According to Czech President Petr Pavle, the memorial in Lety na Písecka will be reminding what horrible deeds happened in it. In addition, it will be a memento for future generations so that nothing like this happens again. Pavel said this today at the opening of the Roma and Sinti Holocaust Memorial in Bohemia in Lety. He added that the existence of Roma victims during the Second World War had been neglected for a long time.
According to Prime Minister Fiala (ODS), the Roma Holocaust memorial in Lety should have been created earlier. He added that the state delayed for a long time the purchase of land from pig farm owners.
The monument stands in the place where there was a concentration camp for Roma during the Second World War. “The communist regime then built a large-capacity piggery instead and thereby showed its position. With the memorial, we are now repaying the decades-long social debt to the Roma Holocaust,” the president stated. The construction of the monument, which cost 102 million crowns, took about two years.

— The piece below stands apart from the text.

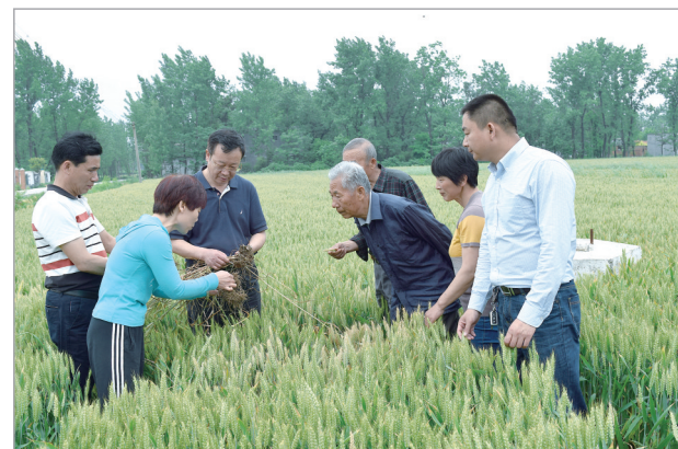
组织农业专家到田间指导小麦病虫害防治

“漯河市科协‘三大’以来的近五年,是科协工作与时俱进、开拓创新的五年。但这仅仅是一个开始,今后五年,市科协将紧紧围绕全市重大决策部署,主动作为,奋发图强,开拓创新,扎实工作,为加快推进‘四城同建’、全面落实新时代漯河经济社会发展‘四三二一’工作布局,以漯河更加

There was talk of building a dignified place of worship in 1995. There had been a piggery in the locality since the 1970s, which the state bought for 450 million crowns and demolished the year before. Subsequently, the construction of the monument began. “Even today, it is necessary to remember what happened here. It’s a warning about how far people can go.” said the president. He added that Lety has the ambition to bring people closer to history. “It has been 30 years since my predecessor Václav Havel revealed a modest monument at this location. Today we are following up on this event,” Pavel stated.
There is a permanent exhibition in the visitor center of the monument, outside is the Memory Trail. Part of the exhibition are testimonies of witnesses in audiovisual form. The memorial will be opened to the public on May 12, when a memorial service is regularly held in Lety.
According to historians, 1,308 Roma, men, women and children, passed through the Lety camp from August 1942 to May 1943, 327 of them died there and over 500 ended up in the Auschwitz concentration camp. The area covers over 100,000 square meters. A memorial was erected in 1995 near the emergency cemetery in Let, which is about 300 meters from the camp, and the place became a cultural monument in 1998.
“It is very positive news for me that the entire project has been completed,” said the director of the Museum of Roma Culture, Jana Horváthová. There was talk of building a memorial in Lety on the site of the pig farm almost 30 years ago. The whole process was complicated by the situation surrounding the purchase of a pig farm from a private owner. “But according to our information, until 2017, no one from the government specifically discussed it,” Horvath said.
The state bought the pig farm in 2018 for 450 million crowns from the company Agpi, which had 13,000 pigs in 13 halls there. Demolition of the piggery began last year in July, and the demolition was completed in December 2022. The remains of one hall of the piggery became part of a monument that describes the history of the place. “In the indoor exhibition, visitors will see events that cover the period from the pre-war era to recent years and the fight for the abolition of the pigsty,” said Anna Míšková from the Museum of Roma Culture.
Money for the construction of the monument was provided by several institutions, among them, for example, the Ministry of Culture of the Czech Republic, the German Embassy in Prague, and grants from Iceland, Liechtenstein and Norway.